| WHAT YOU NEED TO DO |
Return, with both end lines included, exactly what the data below holds from the line with "9月21日,水上飞人在龙舟赛上助兴。(刘广铭 摄)" through the line with "各学年とも1時間目の国語のテストに真剣に取り組んでいました。", though not the pictures.

| SUPPLIED DATA |
=== Section Start ===
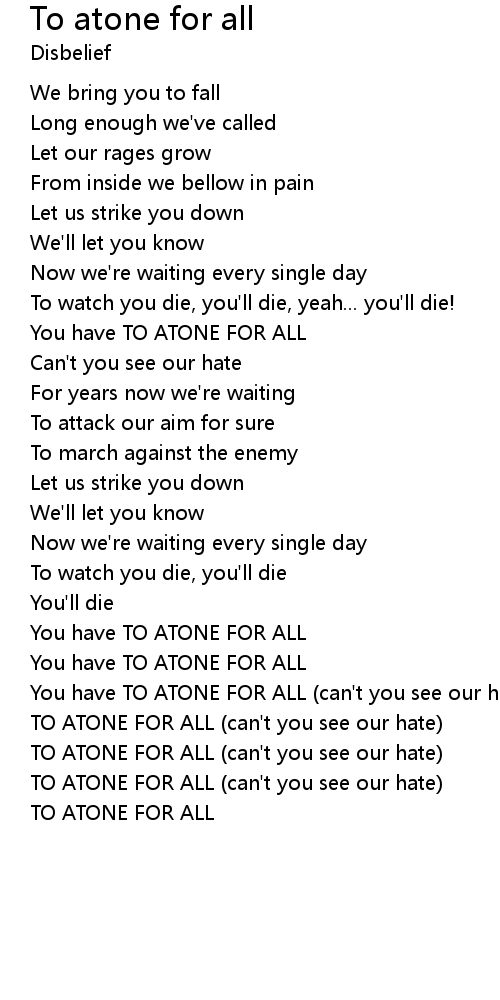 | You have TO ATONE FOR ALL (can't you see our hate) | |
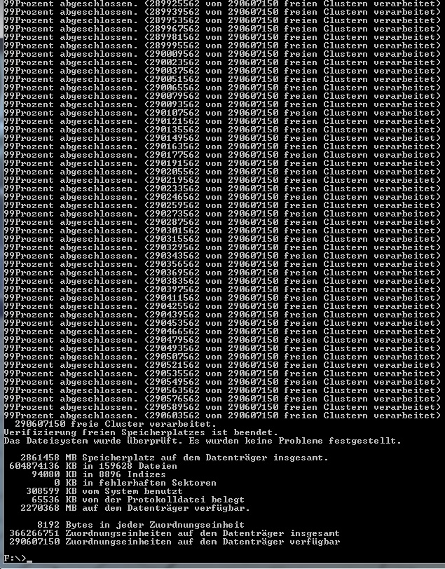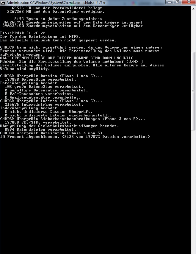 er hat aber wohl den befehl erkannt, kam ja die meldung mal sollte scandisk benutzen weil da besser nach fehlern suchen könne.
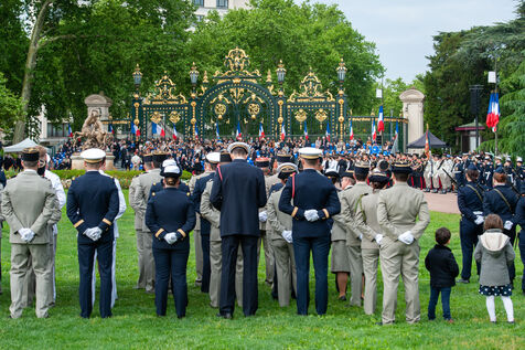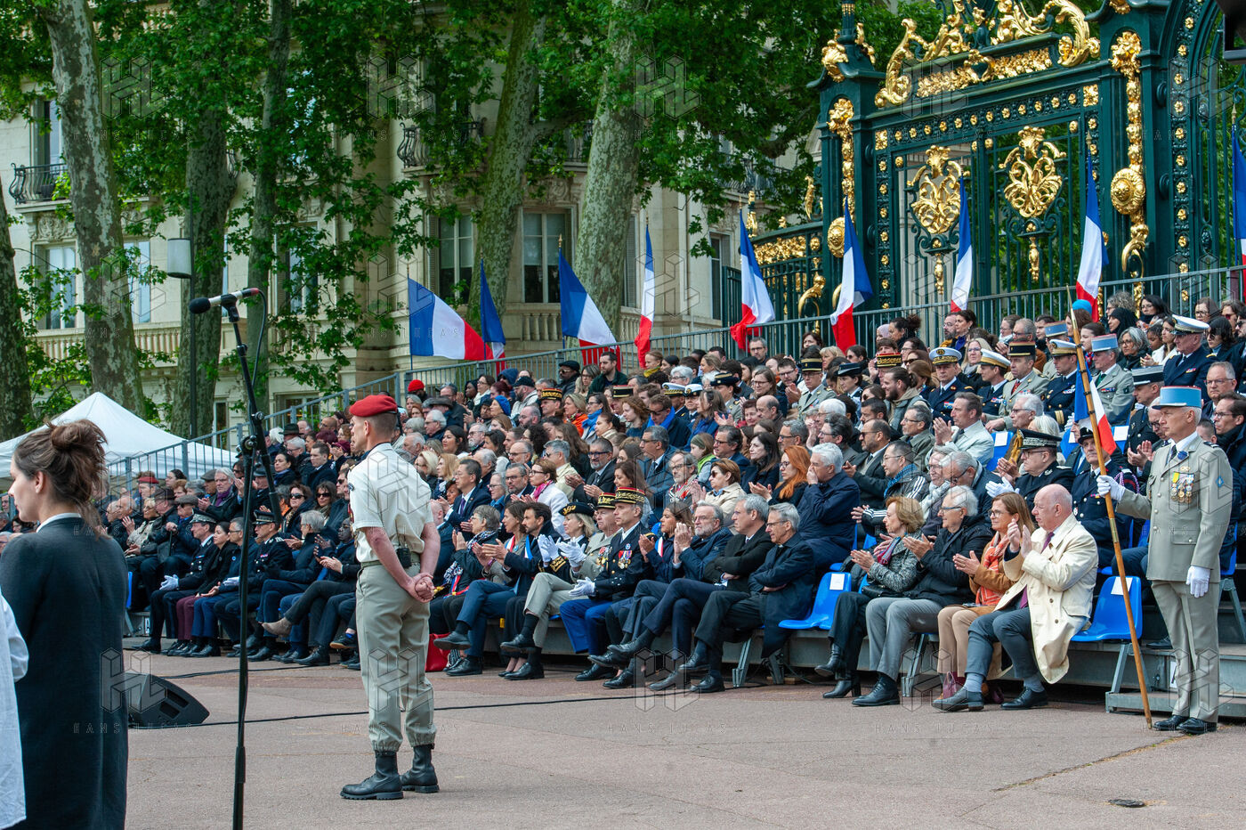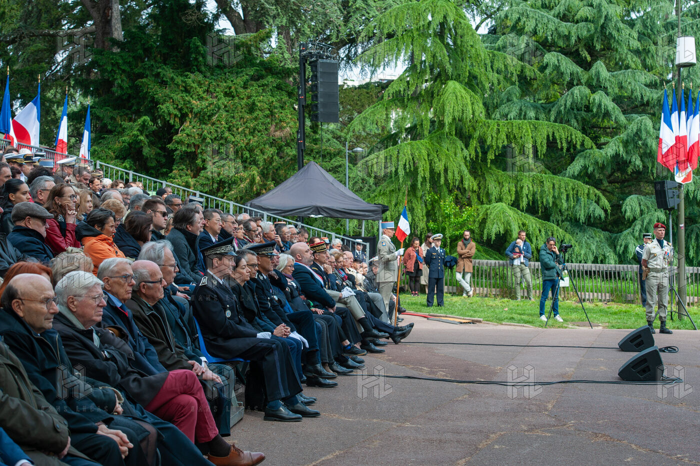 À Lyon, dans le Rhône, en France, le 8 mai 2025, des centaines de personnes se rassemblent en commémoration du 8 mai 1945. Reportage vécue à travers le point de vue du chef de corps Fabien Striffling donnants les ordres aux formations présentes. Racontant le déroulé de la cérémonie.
=== Section End ===
=== Section Start ===
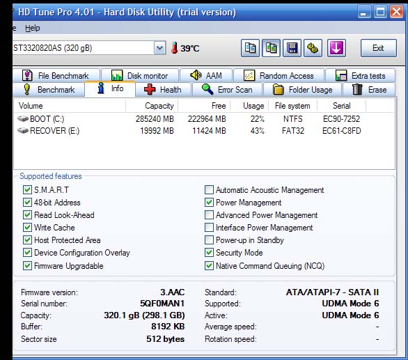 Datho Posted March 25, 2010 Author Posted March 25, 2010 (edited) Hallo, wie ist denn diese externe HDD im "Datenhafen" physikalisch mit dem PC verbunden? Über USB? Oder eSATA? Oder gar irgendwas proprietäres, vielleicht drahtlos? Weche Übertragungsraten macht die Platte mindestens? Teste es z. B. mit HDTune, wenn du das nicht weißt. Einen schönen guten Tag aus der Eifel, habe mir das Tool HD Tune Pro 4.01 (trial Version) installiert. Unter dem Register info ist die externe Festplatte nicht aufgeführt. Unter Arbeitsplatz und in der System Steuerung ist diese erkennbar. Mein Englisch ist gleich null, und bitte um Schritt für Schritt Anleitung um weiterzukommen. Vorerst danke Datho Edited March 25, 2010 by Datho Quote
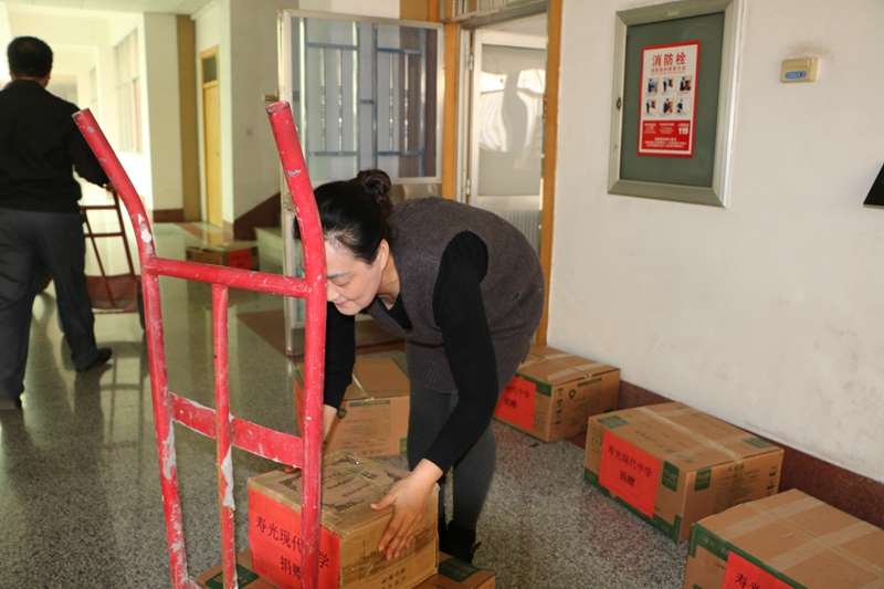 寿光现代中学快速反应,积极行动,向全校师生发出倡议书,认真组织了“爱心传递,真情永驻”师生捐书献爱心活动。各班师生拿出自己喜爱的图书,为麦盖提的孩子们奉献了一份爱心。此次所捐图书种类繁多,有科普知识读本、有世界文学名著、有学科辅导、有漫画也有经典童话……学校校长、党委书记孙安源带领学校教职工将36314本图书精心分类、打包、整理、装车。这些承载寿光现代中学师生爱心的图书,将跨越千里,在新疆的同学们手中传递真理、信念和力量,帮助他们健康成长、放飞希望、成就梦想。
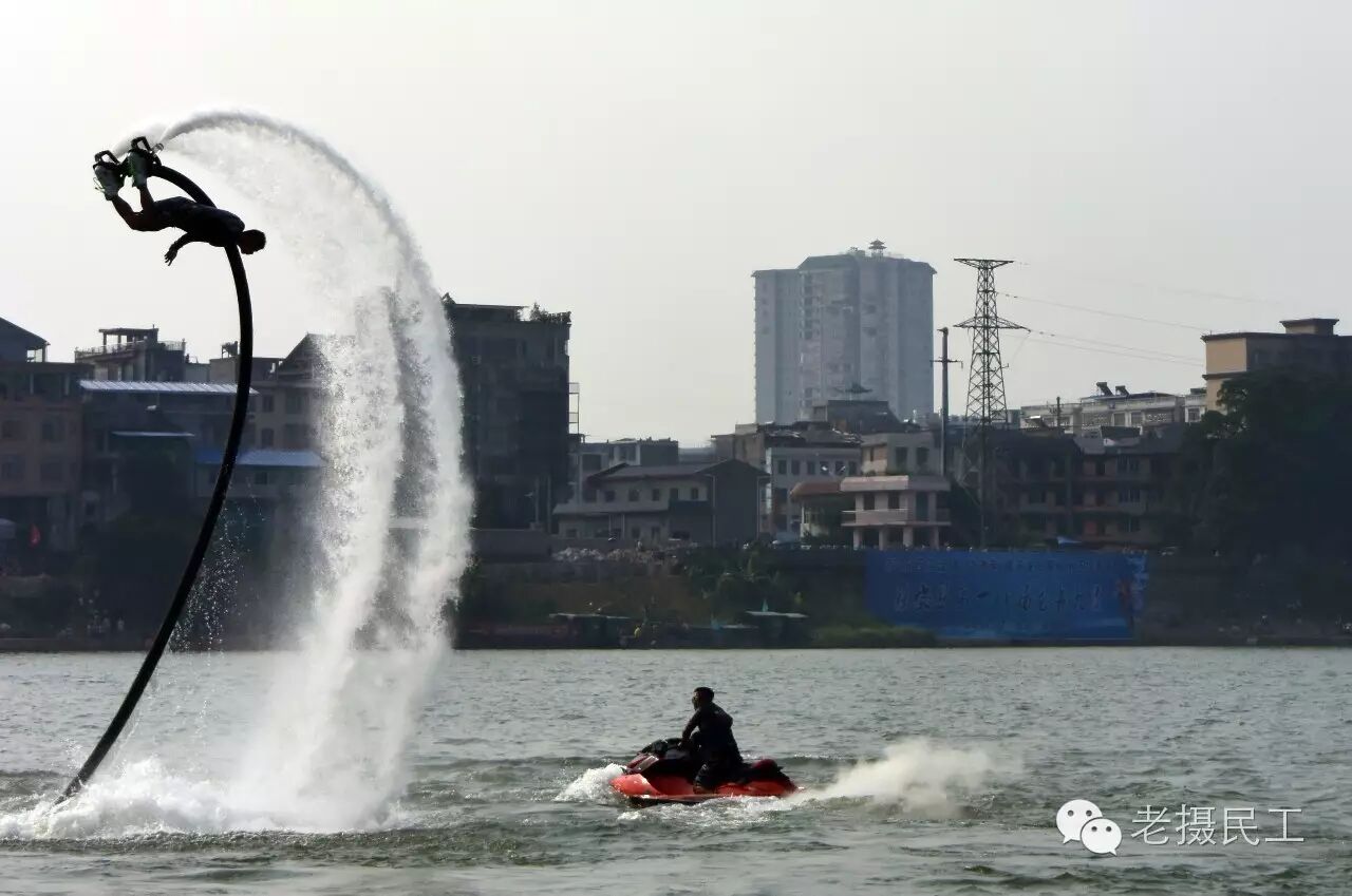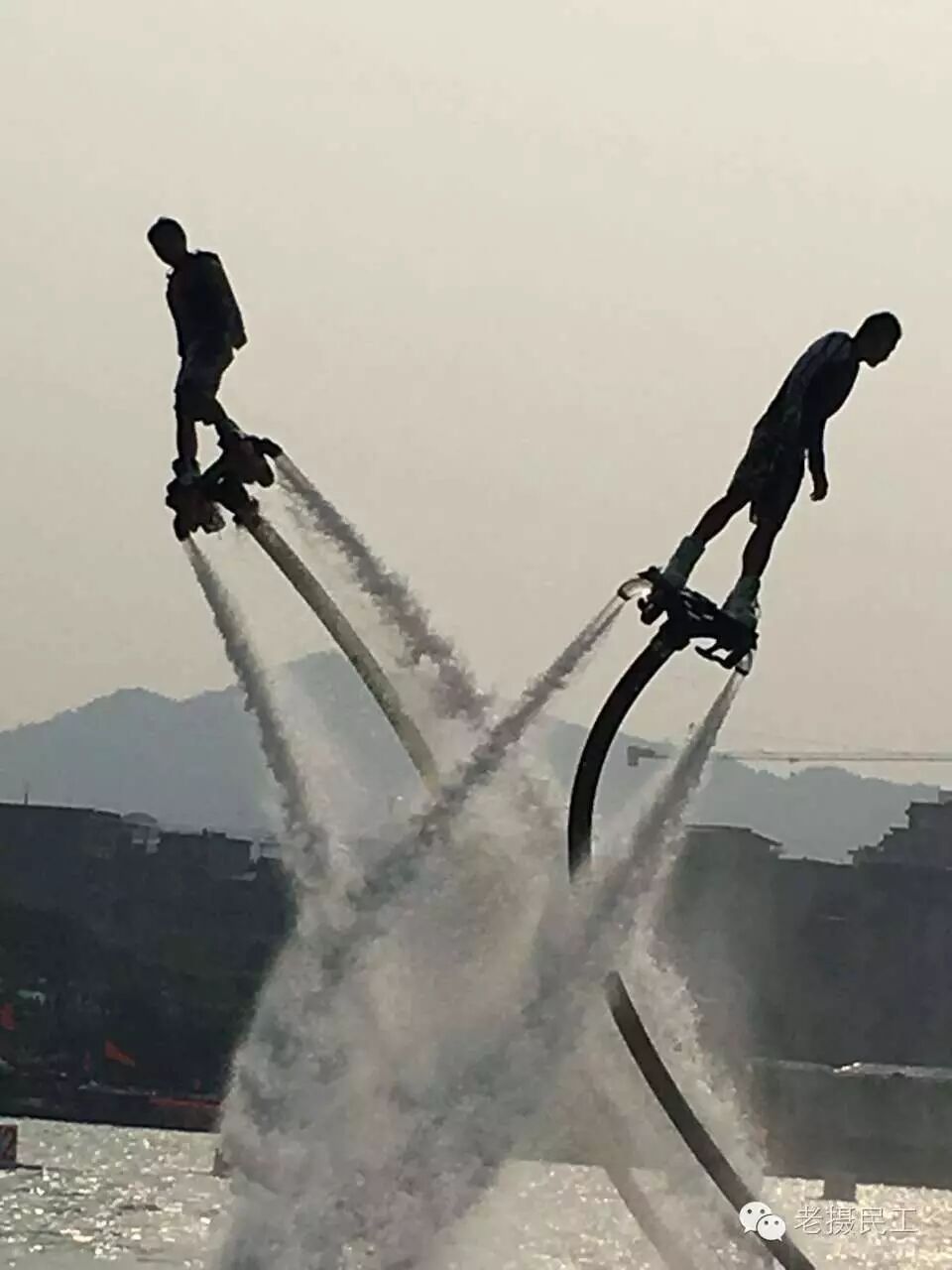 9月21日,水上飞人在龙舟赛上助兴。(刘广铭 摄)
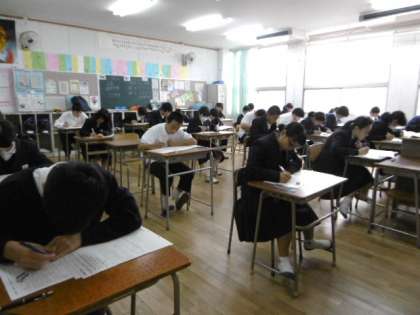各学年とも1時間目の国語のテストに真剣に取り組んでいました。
=== Section End ===
| RESPONSE TO THE TASK |
 9月21日,水上飞人在龙舟赛上助兴。(刘广铭 摄)
各学年とも1時間目の国語のテストに真剣に取り組んでいました。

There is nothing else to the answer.